Thermoelastic logging for rock thermal properties

• Published in: 2013 IEEE International Ultrasonics Symposium (IUS) pp. 1370 - 1373
• Main Authors: Sinha, Bikash K., Norris, Andrew N.
• Format: Conference Proceeding
• Language: English
• Published: IEEE 01.07.2013
• Subjects: borehole sonic dispersions; borehole waves; elastic wave propagation; Fluids; Rocks; Strain; Stress; Temperature distribution; Temperature measurement; Thermal stresses; thermoelasticity
• ISSN: 1051-0117
• DOI: 10.1109/ULTSYM.2013.0348

Thermoelastic logging can detect differences between the borehole fluid and the far-field formation temperatures.
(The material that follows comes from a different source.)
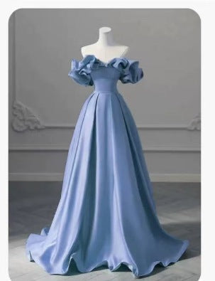 Plataz Shoulder Banquet Evening Dress Dress Female-Singen-Faced Yellow Temperament Light Luxury Niche High-End Art Exam Host Dress
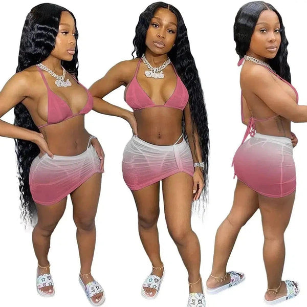 제품 설명: 패션 여름 그라데이션 비키니 홀터넥 수영복

Radial temperature distributions caused by such temperature differences introduce thermal stresses in the near-wellbore region that perturb the borehole Stoneley and flexural dispersions. Thermal stresses are determined in terms of the rock Lame constants (λ and μ) and thermal expansion coefficient (α) for a given radial variation of temperature between the borehole fluid and far-field formation temperatures. This paper describes a volume integral formulation that computes changes in the borehole dispersions caused by the presence of radially varying thermal stresses away from the borehole surface. Differences between borehole dispersions in the presence and absence of such thermal deformation can be used to estimate the rock thermoelastic constant and associated thermal expansion coefficient. These properties are estimated within the radial depth of investigation of sonic tools when the borehole fluid temperature and radial variation of rock temperature away from the borehole surface are known. Characteristic differences in the dipole and Stoneley dispersions provide evidence of either increasing or decreasing temperatures away from the borehole surface. These signatures can be used to estimate the magnitude of tensile or compressive thermal stresses at the borehole surface together with the radial boundary of the temperature variation until the steady-state far-field temperature is attained. Differences between the borehole fluid and steady-state formation temperatures can, therefore, be used to introduce tensile fractures at the borehole surface or to maintain wellbore stability by maintaining thermal stresses within a safe window.